Overwhelming is the right word for sure. It's awesome to experience something like breakthrough, but what could one bring back?
I have a number of experiences that are fun to remember, but they were too out there…
why do you not consider that itself as something brought back?
I used to listen to the new atheists and the scientific skeptics, Seth Shostak's Big Picture Science podcast, the guy behind the SETI Institute (the Search for ExtraTerrestrial Intelligence), etc., and apparently none of these people who devote hours of their life every week to the subject of life beyond Earth, intelligence superior to ours, worlds that are more beautiful and harmonious than the one we're at times building and at times destroying, have ever had enough curiosity or courage to take one deep breath and see for themselves what's down the rabbit hole.
For me, that glimpse changes everything. I may not be able to draw a cool picture of what I saw. I may not be able to convince you that what I saw was more than my imagination (though I do believe there are some experiences which are more plausible on that model than on the materialist model, which are sufficient for the experiencer, though not sufficient for the rest of the world who can only trust or doubt their story). But I can never go back to looking around and thinking this house and this city and this society is the only interesting one to explore. I can never go back to laughing at people praying to their god as if they're credulous children following fairy tales and believing in magic.
One thing I brought back was the knowledge that 'the third eye' is real. whatever it means that it's real. Even if it was only a window into your own mind, your own private imagination, well, I thought there were only walls there. I thought no one could see any such thing, whatever such things are. I had no idea I could dream up such wonderfully complex ecosystems of joyful activity and strangeness. I really don't think I can. Whoever believes it's all in their head must see some incredibly boring and ordinary things, or have an exceedingly high opinion of themselves.

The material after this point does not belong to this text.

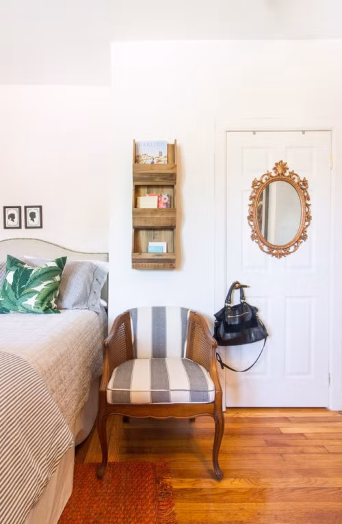 Những chiếc kệ nhỏ, đơn giản giúp căn hộ có thêm không gian lưu trữ. Ở đây, chỉ bằng những mảnh gỗ thô mộc, chủ nhà đã có kệ sách đầu giường.
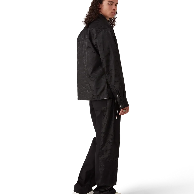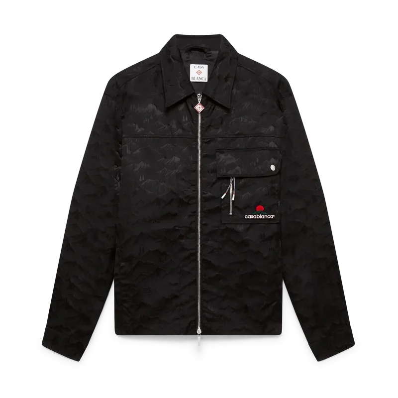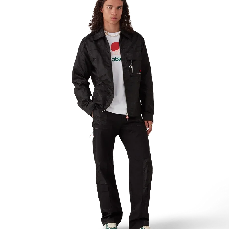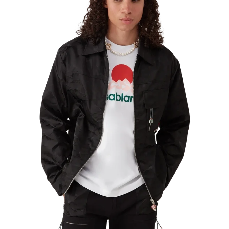 Das Nylon Mountain Camo Zip Hemd ist ein Langarm-Modell aus Jacquard-Stoff mit dem charakteristischen Rautenlogo des Hauses. Es verfügt über einen spitzen Kragen, einen Reißverschluss mit dem charakteristischen Diamant-Logo des Hauses als Reißverschlusslasche, eine Brusttasche mit Klappe und vertikalem Reißverschluss sowie die in dieser Saison von Bergsteigerseilen inspirierten Zugschnüre, Marken-Metallteile an den Ärmelbündchen und der Tasche sowie das „Casa Montagne“-Textlogo des Hauses – ein Logo, das auf den ersten Blick wie ein Berg aussieht, bei genauerem Hinsehen jedoch „Casa“ zu lesen ist.

Even just the knowledge of what my mind is capable of seeing is something I bring back with me. I stare at a tapestry on my wall and it looks random and confusing to me. I can't see what the artist must've seen in choosing to draw it that way. then after a deep breath I can see it shift and fragment into layers that all make beautiful sense....for a few short minutes before that enhancement of my perception fades and I can only perceive it crudely and flat again, like someone temporarily given color vision to see a rainbow or a sunset and then gone colorblind again. To know that is possible is something I brought back. To know that technology exists, and that we walk around every day trying to achieve things and taking risks based on our limited perception, when very easily improvements to it are possible but forbidden, I brought that back with me. It's like having had depression and then getting serotonin and going 'oh, is this why everyone else doesn't want to kill themselves? is this how they get up and go to work every day so easily? this is much easier, this is much better! this might even be fun!', knowing the radical contrasts in human experience and capability can be mediated not just by the luck of genes or decades of study and personal development, but by a deep breath of the right molecule? I feel like that should be front page news.